My oldest sister and I are best friends and the only one he is ok with staying the night. I asked my girls about playing with Will and did they notice anything different then other boys. They said he was very literal and had No imagination. My sister and I tried to help him with that because her granddaughter (who lived with her and was his age), was very dramatic and imaginative. She would get very frustrated because he had no imagination. We told him to pretend he was a soldier which he loved. We told him that pretending was believing you really were a soldier. Later that evening my daughter came and got me and said he was roaring and throwing chairs. When he finally calmed and ,as usual, fell asleep, they said he was playing army and my niece wanted to play fashion show. Well, long story short, there are No fashion shows in the army!

He needed more therapies but insurance wouldn't allow it without official diagnosis. His Dr. sent us to Vanderbilt Children's Hospital Autism Wing and at 12 years old he finally got an autism diagnosis. It was a three hour drive, one way. Car rides make his head hurt and his stomach hurt. We stayed in a hotel and he got to be in the pool most of the time so it was ok. When we finally got him into OT and BA and Speech, he didn't get a lot of help. We still had to drive an hour to any of them and again, he doesn't like car rides. They said he should have had therapies when he was little and they didn't really know how to help a pre- teen. He is almost 14 now and puberty and autism is horrible for my little man.

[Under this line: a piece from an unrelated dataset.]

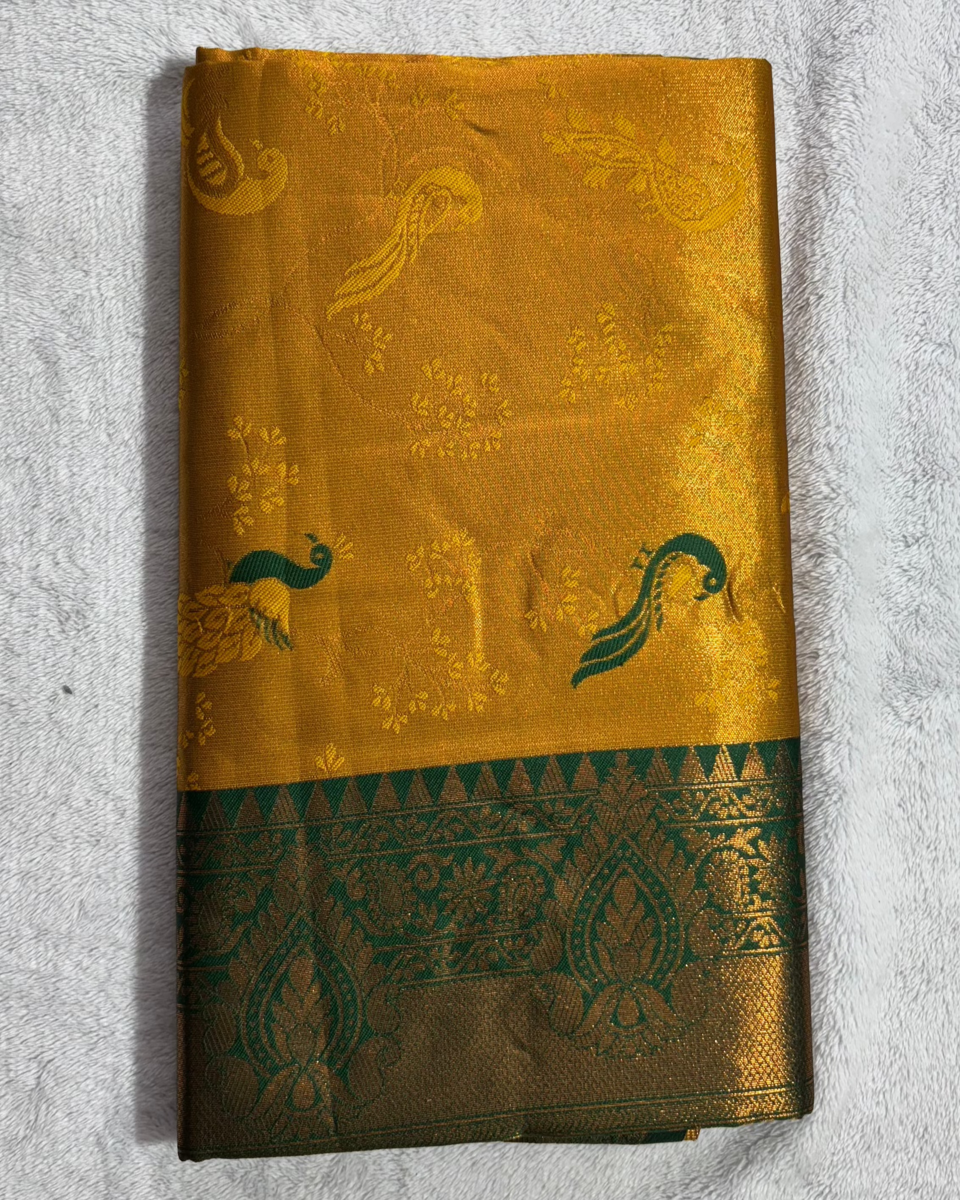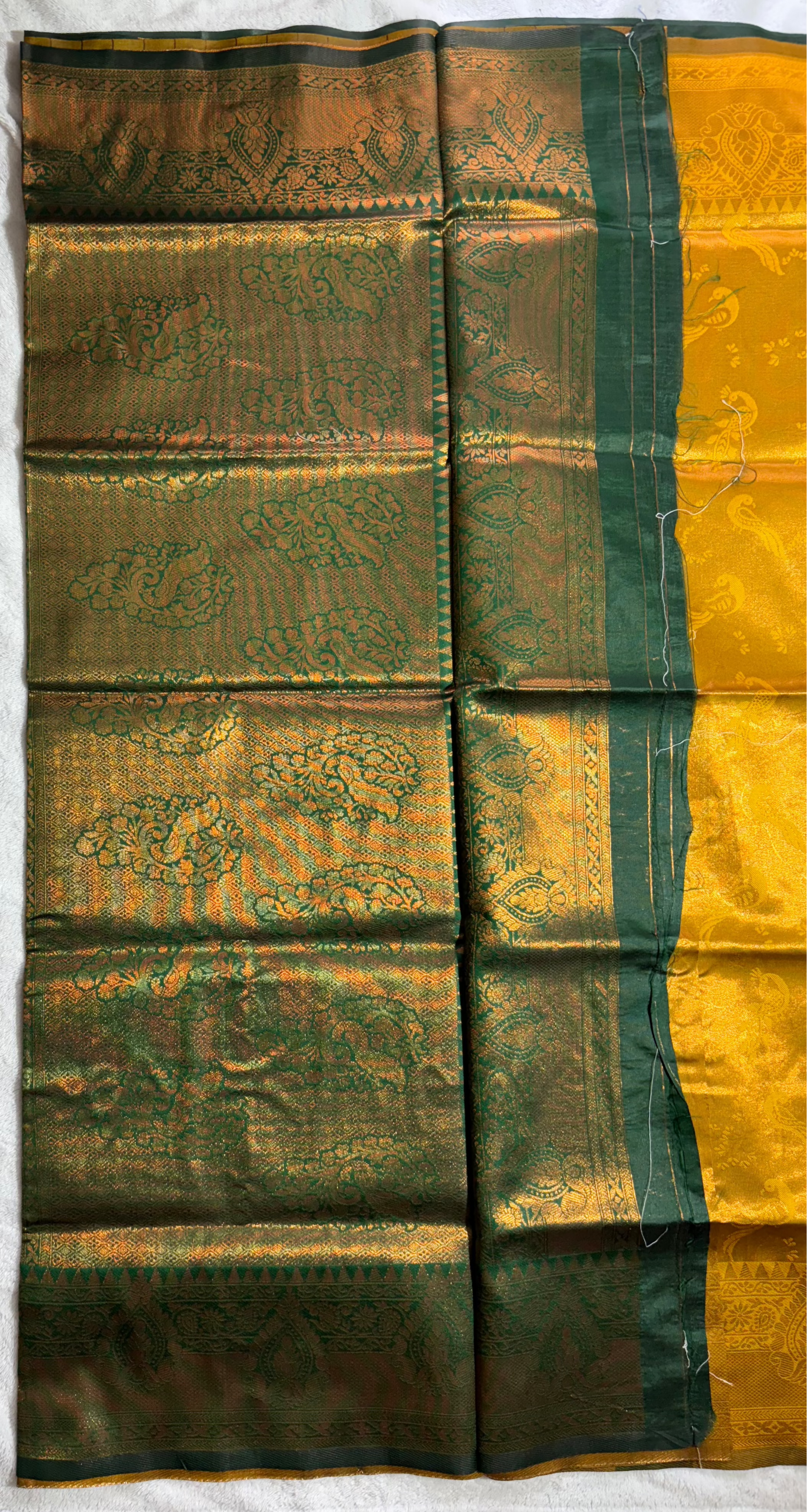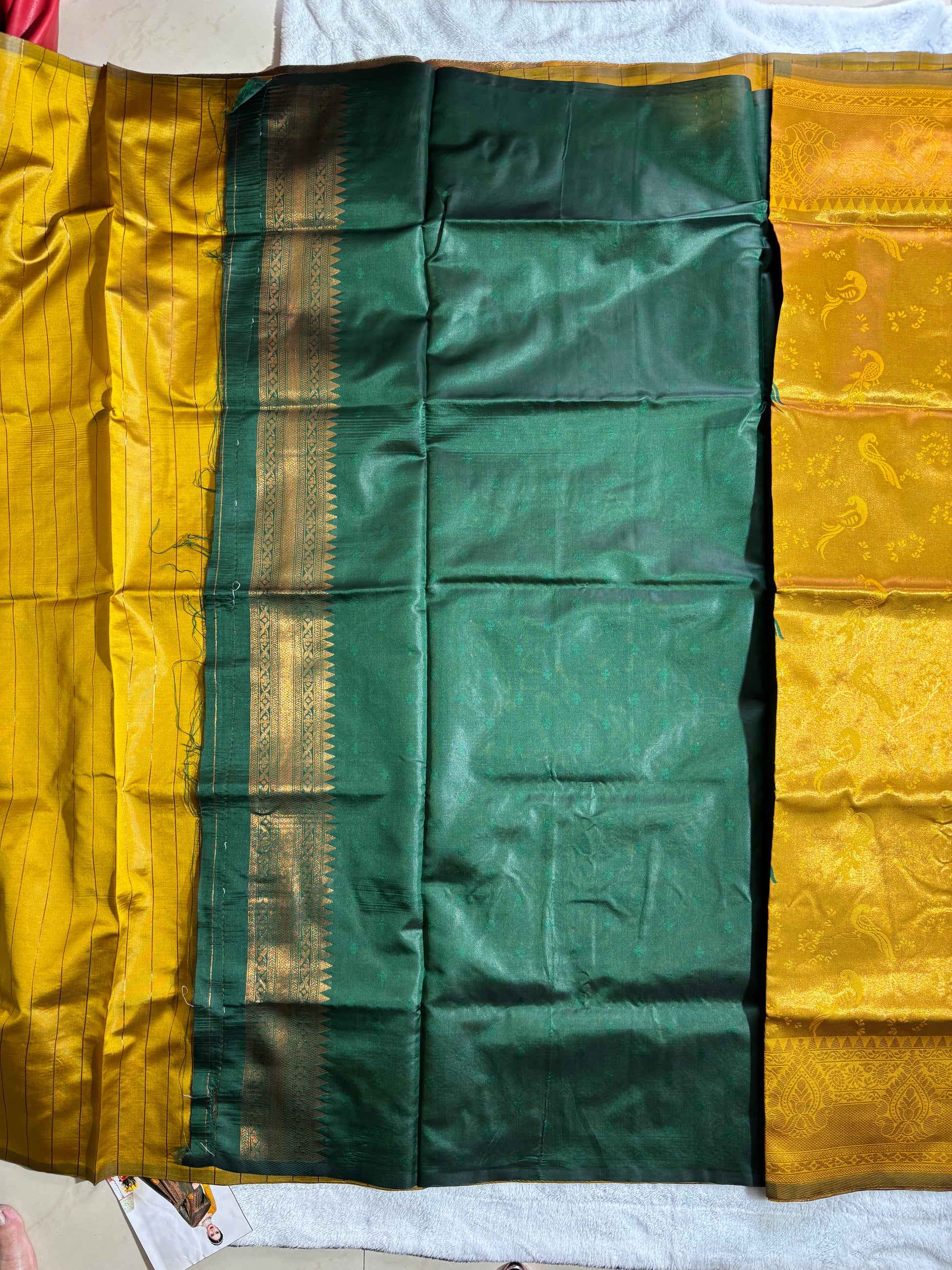 Beautiful mustard yellow with contrast dark green semi silk sarees in budget friendly segment

My sister is very close to my kids and knows as much about our daily life as she can without living it. She had never actually been there when he had a bad meltdown until one day at her house. When it was over and we had gone home, she called me crying and said she knew about the meltdowns but you just couldn't imagine it until you actually saw one. She cried for him and for us. Since then she has seen more and sees when it's over that he is soaked from sweat and usually falls asleep. The week before during and after a full moon are horrible. Trust me, it totally affects him.

Honestly, I couldn't have gotten through any of this without sites like this. I live in the country and the small town where the school is, doesn't have a child on the spectrum that they admit to. Trust me, everyone knows everyone's business. When I read what other families were going through that mimicked mine, I wanted to yell, Hallelujah!! I cannot put into words how much y'all have helped me. I thank you from the bottom of my heart. Knowing what I know now would have helped my son and my family so much if we had known that autism had a spectrum! It is imperative to spread autism awareness. I don't know if this is what you wanted but it was therapeutic to write lol. I could write so much more but figured this was long enough.

Please pray for us as we go through our journey. His therapy now consists of things y'all try and write about and things my niece sends me about her son's therapies. Same age but they live in Springfield ,Illinois and have awesome therapists. I will stop writing now lol. (((Hugs))) and Prayers.